Numa entrevista de 2020 ao jornal inglês “The Times”, voltou a manifestar o seu desagrado pelo casamento, mas indicou que já não o considerava um acontecimento insano. “Eu me casaria com meu namorado mesmo que apenas duas ou três pessoas compareceriam ao meu casamento”, explicou ele. Afirmou ainda que, quando chegasse a hora, seria ele quem proporia casamento a Henrique, que nunca abandonou a sua discrição.

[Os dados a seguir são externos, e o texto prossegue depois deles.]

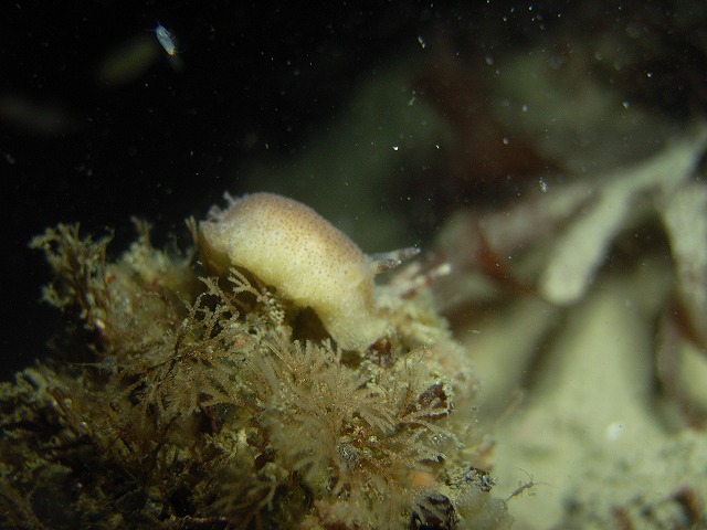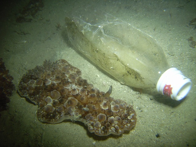 ロープ沿いに砂地を移動中に本当に可愛くないマンリョウウミウシが二個体
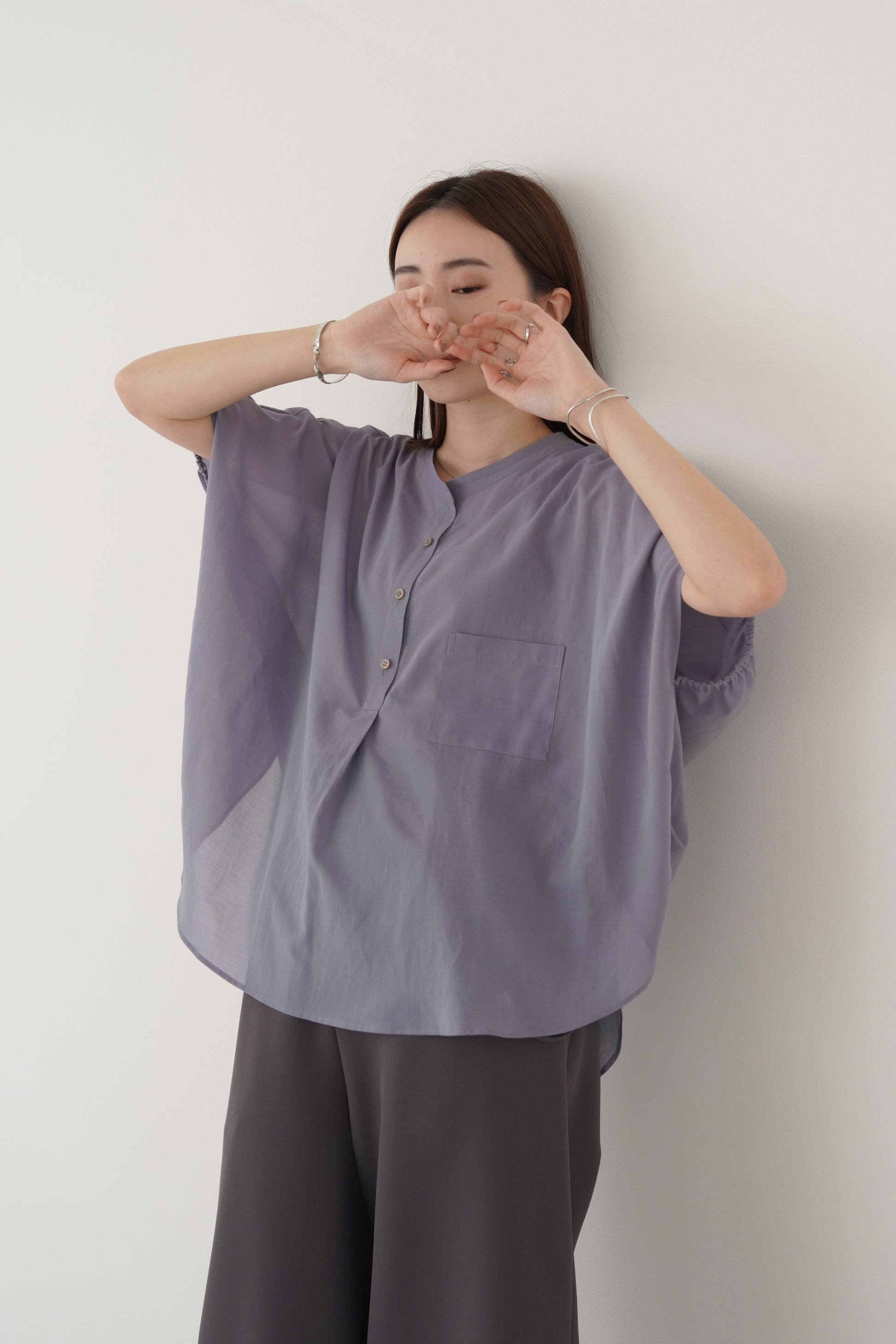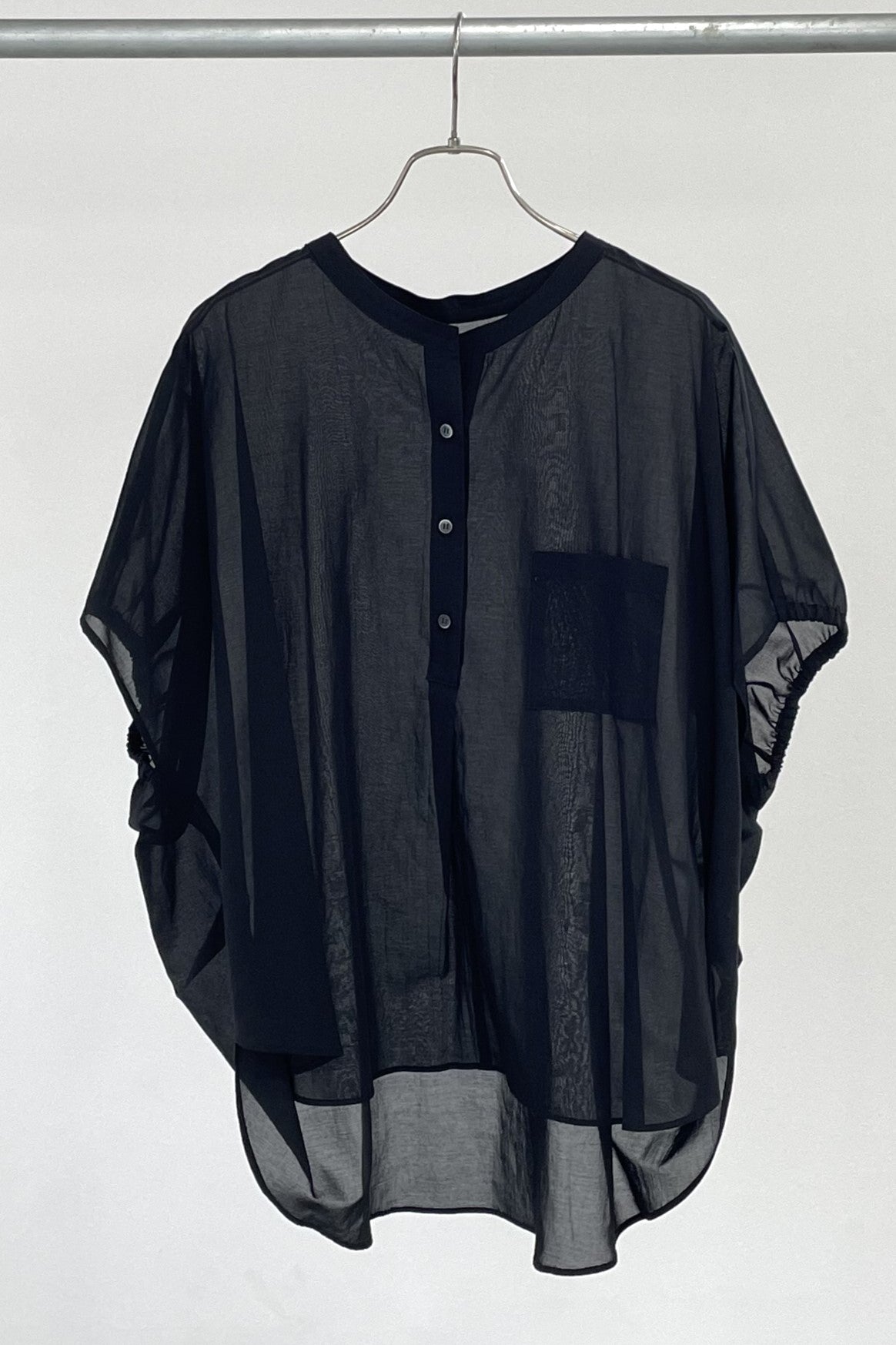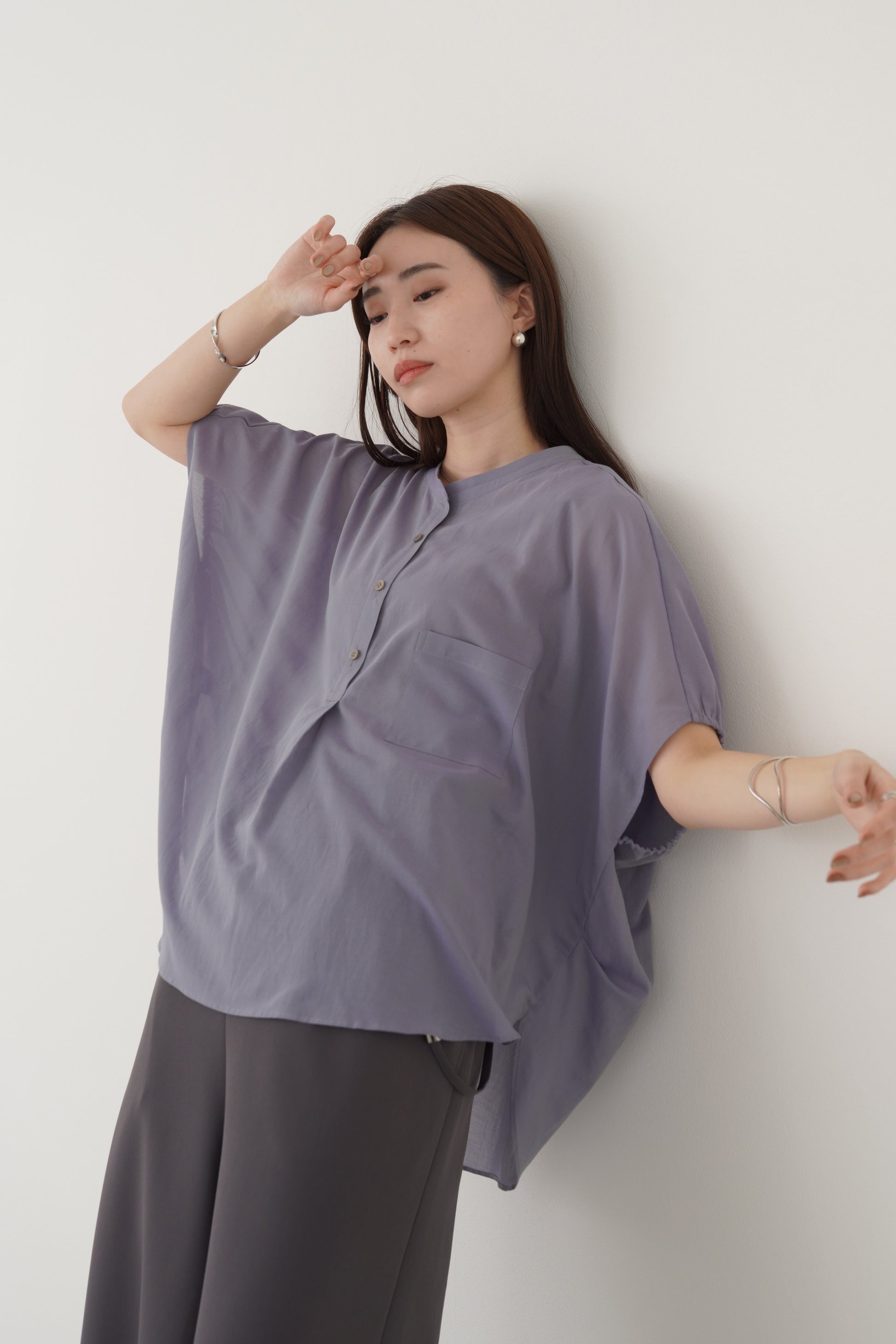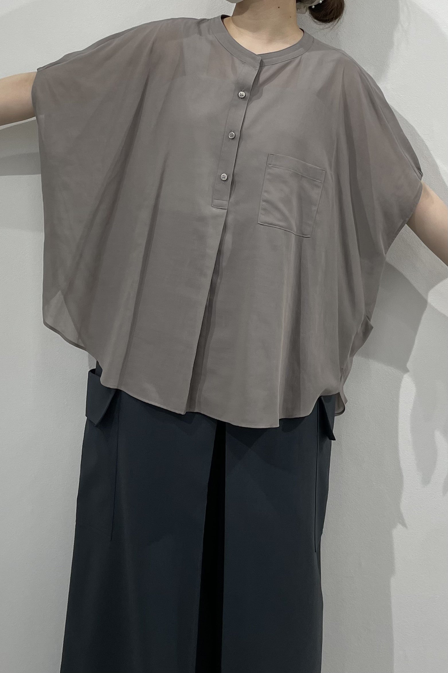 丸みのあるゆったりとしたサイズながら、生地の落ち感がきれいなポンチョシルエットのブラウス。ドライタッチでシアーな風合いの薄手シフォンを使用しており、シワになりづらく、生地の良さを感じて頂けるブラウスです。

Agora, porém, ele explica: “Sempre odiei casamentos, embora adore funerais. Mas quando você envelhece… já vi tantos problemas que os casais gays enfrentam, então é mais uma questão de pensar no futuro, já que estamos juntos há muito tempo.” E acrescenta, com humor: “Eu não sei quanto tempo vou durar. Bem, como sou alto, nunca vi uma pessoa de 95 anos com 1,96m de altura “Você nunca sabe o que vai acontecer”. O casamento aconteceu em Candem Town, Londres, e após a cerimônia, o casal e alguns convidados próximos jantaram no restaurante italiano Ciao Bella.
Adeus, Hollywood
Muitos ficaram impressionados com uma celebração tão discreta. Acontece que, durante anos, o seu nome foi associado a saídas noturnas e passeios e viagens com outras grandes estrelas, como Julia Roberts, Madonna, Kate Moss ou Sharon Stone. Todas essas relações mais ou menos profundas terminaram com a publicação de seu livro de memórias, “Red carpets and other banana skins”, no qual ela fala abertamente sobre sua vida sexual, seu vício em drogas e também sobre seus grandes amigos.

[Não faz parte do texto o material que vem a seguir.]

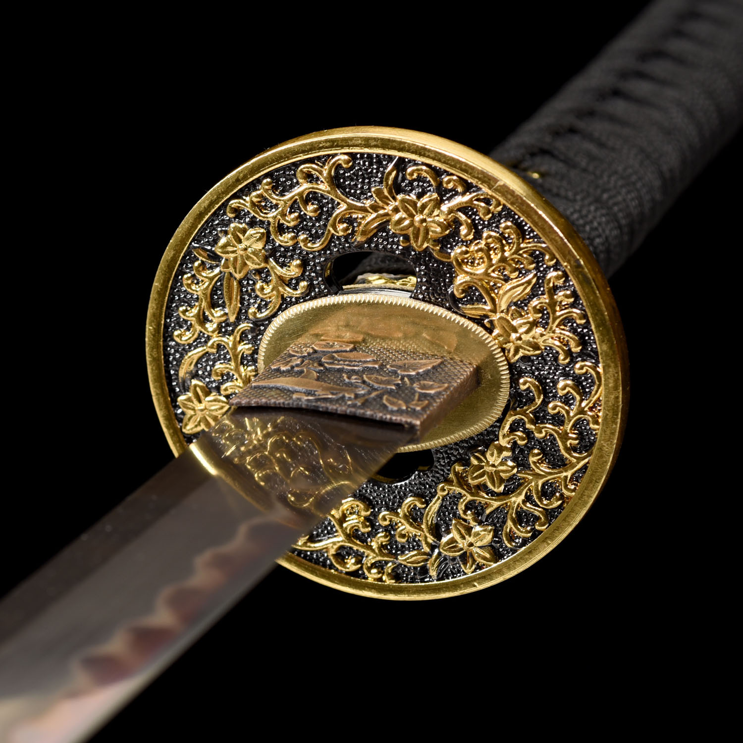 TSUBA: The Tsuba (guard) of the sword is made of zinc alloy. The Habaki (blade collar) is a one piece brass construction. Two Seppas (spacer) secure the Tsuba.
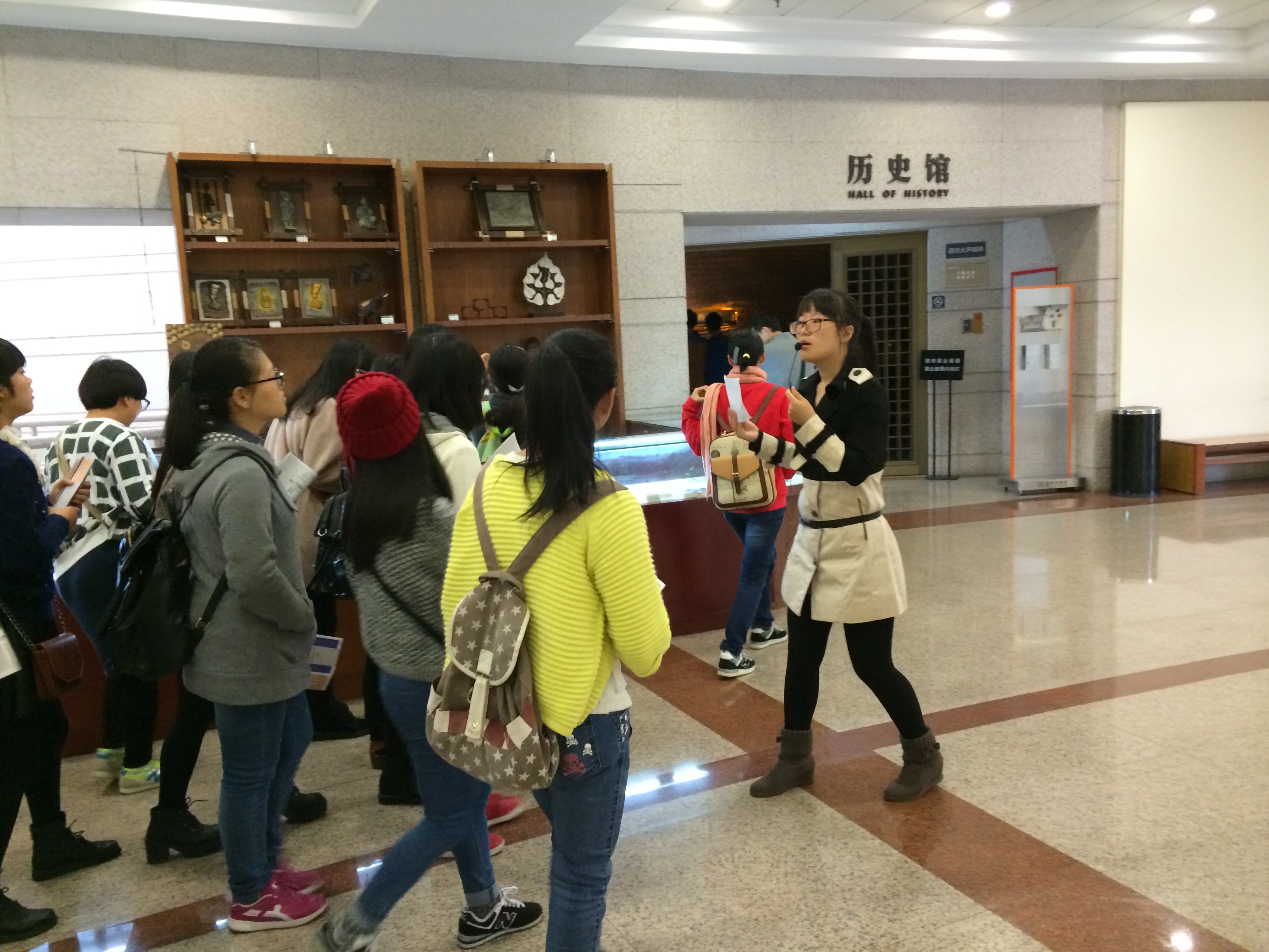 卓高生副院长的带队下,经过为期一周的培训,于2014年十月下旬正式开始,活动历时一个月,为在校一年级新生义务讲解温州市博物馆历史馆——“温州人——一个生存与开拓的故事”。
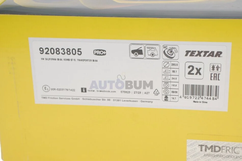 - TEXTAR 92083805 підходить до марок/моделей авто:
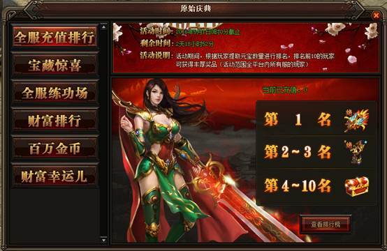 活动详情:活动期间系统会根据玩家提取的元宝数量来进行排名,此活动是按照全服的充值榜来算的,奖品会在活动结束后次日通过邮件发放给玩家。
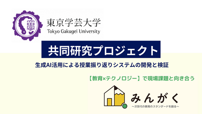 教育×生成AIをテーマに、教育サービス開発を手掛ける株式会社みんがく(本社:東京都目?区、代表取締役:佐藤 雄太)は、国立大学法人東京学芸大学(東京都小金井市 学長:國分 充、以下「東京学芸大学」)と教育現場における生成AI活用に関する共同研究を行うことを発表しました。

“Julia Roberts é tão caprichosa quanto um cavalo de corrida: linda e cheia de loucura. Certa vez, ela se ofereceu para me levar às filmagens de “O Casamento do Meu Melhor Amigo” a bordo de um jato particular da Sony. Então testemunhei todo o maquinário em ação, a grandeza de Hollywood transportando seus produtos de um lugar para outro”, escreveu ele em seu livro.
Com Sharon Stone, ele estrelou “A Question of Loyalty” (2004), filme em que novamente interpretou um espião de Cambridge. Em seu livro, ele a define como uma deusa, mas acrescenta: “Quando começaram os ensaios entendi uma coisa que me escapou: que ela está absolutamente perturbada. Mas não quero dizer que, como ofensa, ser louco seja um requisito para trabalhar no show business.”

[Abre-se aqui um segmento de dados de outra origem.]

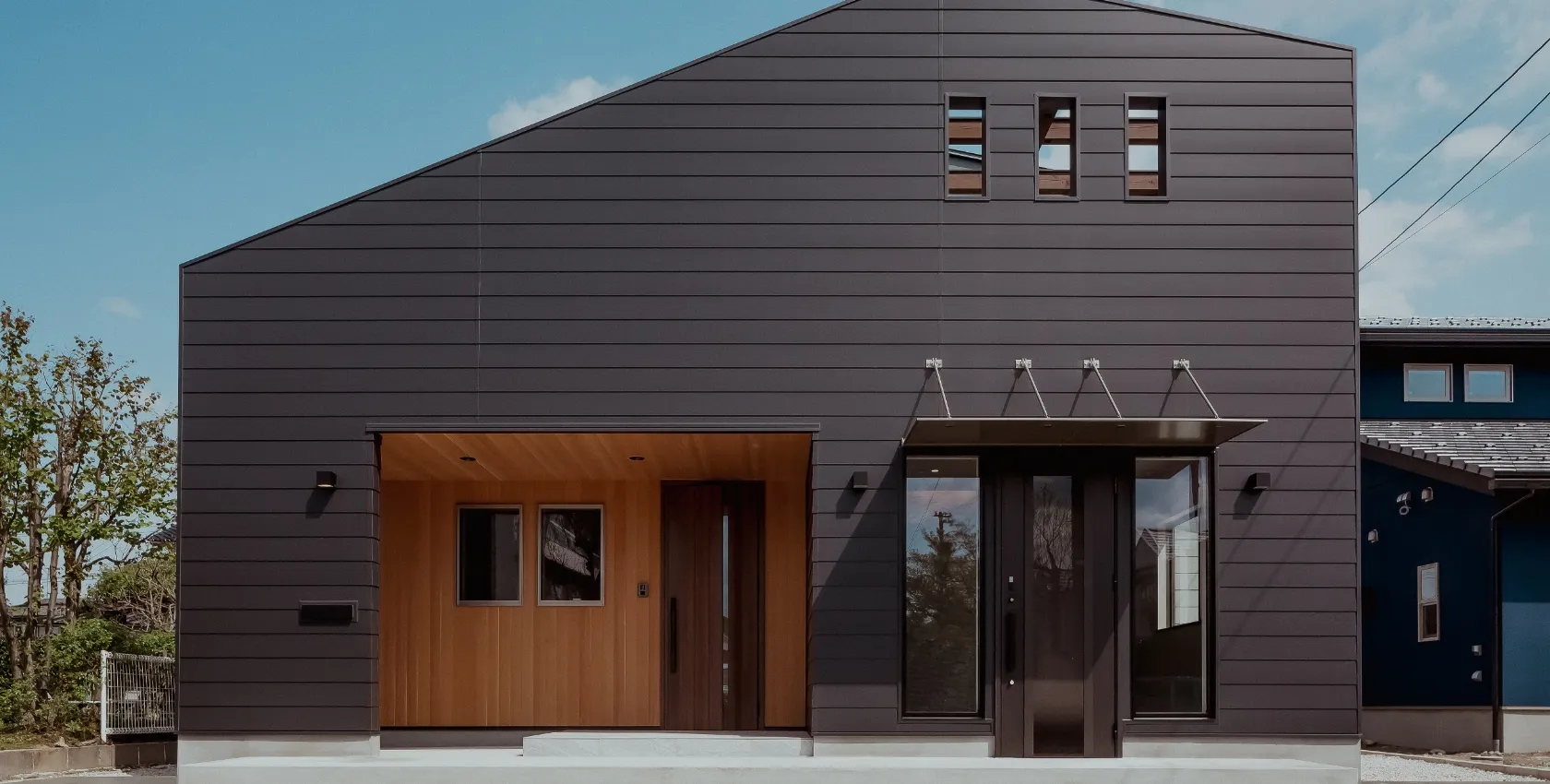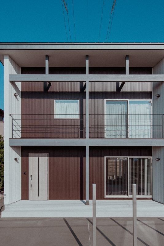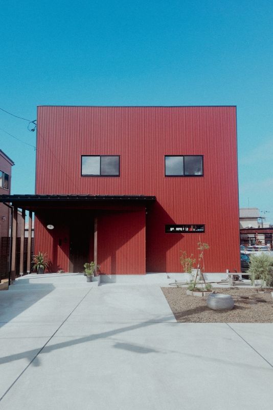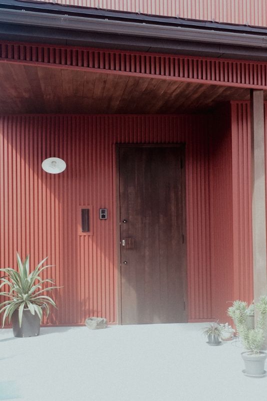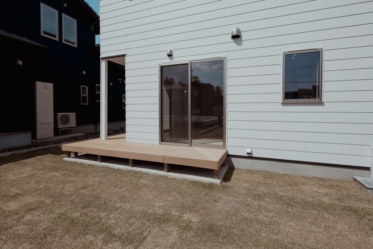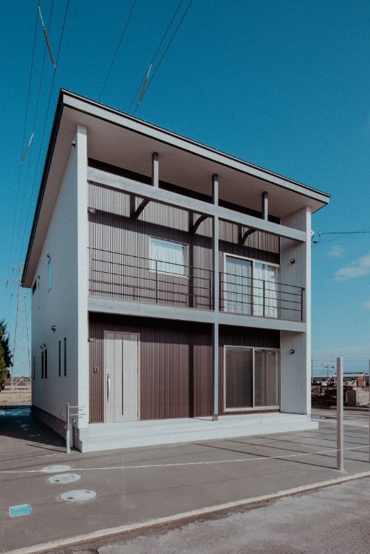 愛犬と遊べる広い芝生の庭がある、事務所併用住宅です。外壁には断熱材入りアルミサイディングを使用し、エントランスには無節無垢のピーラー材を使用しています。美しい外観がとても目をひきます。

Embora não haja registro de que Roberts e Stone tenham se ofendido com suas declarações a ponto de não voltarem a falar com ele, sabe-se que sua amizade com Madonna entrou em colapso após a publicação do livro. E não é de admirar. “Ela manca pela casa por meia hora e depois se enrola em filme plástico e enfrenta outra noite sem dormir de conspiração. Assim como os Estados Unidos, Madonna mudou. Ele colocou cuidadosamente seu passado em uma câmara fria, mas nos momentos de estresse os protagonistas saltam, a câmara fria descongela e solta a velha garçonete reclamando alto”, escreveu sobre o cantor, com quem filmou o estrondoso fracasso “Sobrou para você ” (2000).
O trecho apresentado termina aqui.